Information shown:
________________

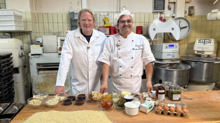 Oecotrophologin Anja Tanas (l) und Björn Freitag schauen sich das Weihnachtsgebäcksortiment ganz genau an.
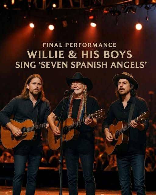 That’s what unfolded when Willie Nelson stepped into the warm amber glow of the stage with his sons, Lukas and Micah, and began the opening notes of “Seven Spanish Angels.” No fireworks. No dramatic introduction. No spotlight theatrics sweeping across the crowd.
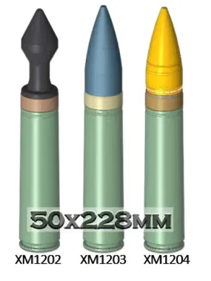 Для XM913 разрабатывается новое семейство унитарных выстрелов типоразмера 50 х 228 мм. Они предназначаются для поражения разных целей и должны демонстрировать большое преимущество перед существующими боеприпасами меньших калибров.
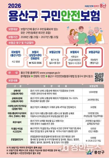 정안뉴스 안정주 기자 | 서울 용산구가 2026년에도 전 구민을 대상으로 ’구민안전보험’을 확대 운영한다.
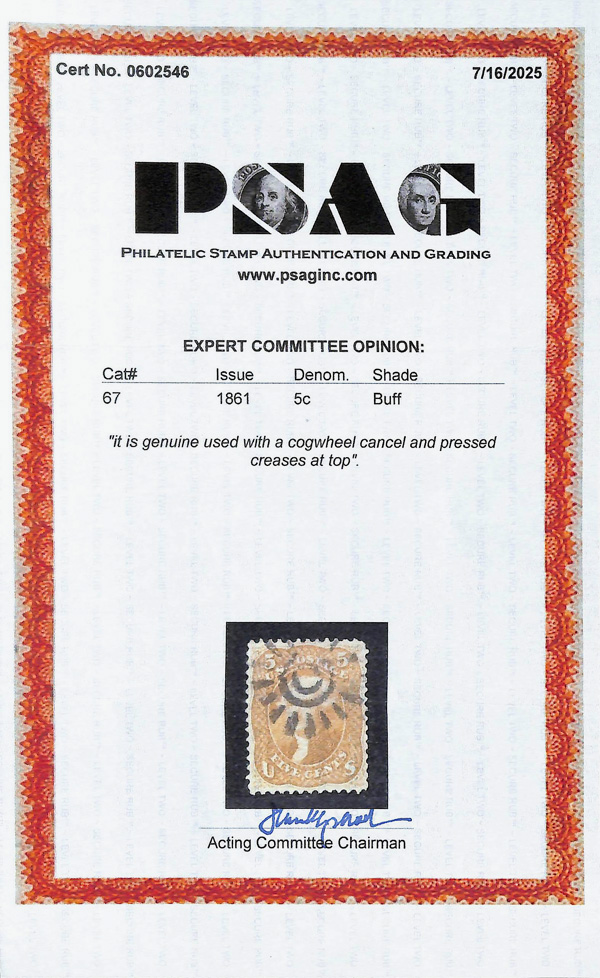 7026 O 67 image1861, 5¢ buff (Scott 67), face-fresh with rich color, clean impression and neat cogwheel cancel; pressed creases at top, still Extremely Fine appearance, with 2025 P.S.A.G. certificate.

________________

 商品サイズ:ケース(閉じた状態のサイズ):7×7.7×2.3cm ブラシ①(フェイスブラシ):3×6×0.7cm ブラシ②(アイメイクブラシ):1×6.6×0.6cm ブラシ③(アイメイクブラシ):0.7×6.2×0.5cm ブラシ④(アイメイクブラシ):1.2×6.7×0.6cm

________________

Exercise aim: Using the entries above, write out exactly the lines from the one with "That’s what unfolded" through the one with "정안뉴스 안정주 기자", ends included. Leave out any pictures.

Final answer:
 That’s what unfolded when Willie Nelson stepped into the warm amber glow of the stage with his sons, Lukas and Micah, and began the opening notes of “Seven Spanish Angels.” No fireworks. No dramatic introduction. No spotlight theatrics sweeping across the crowd.
 Для XM913 разрабатывается новое семейство унитарных выстрелов типоразмера 50 х 228 мм. Они предназначаются для поражения разных целей и должны демонстрировать большое преимущество перед существующими боеприпасами меньших калибров.
 정안뉴스 안정주 기자 | 서울 용산구가 2026년에도 전 구민을 대상으로 ’구민안전보험’을 확대 운영한다.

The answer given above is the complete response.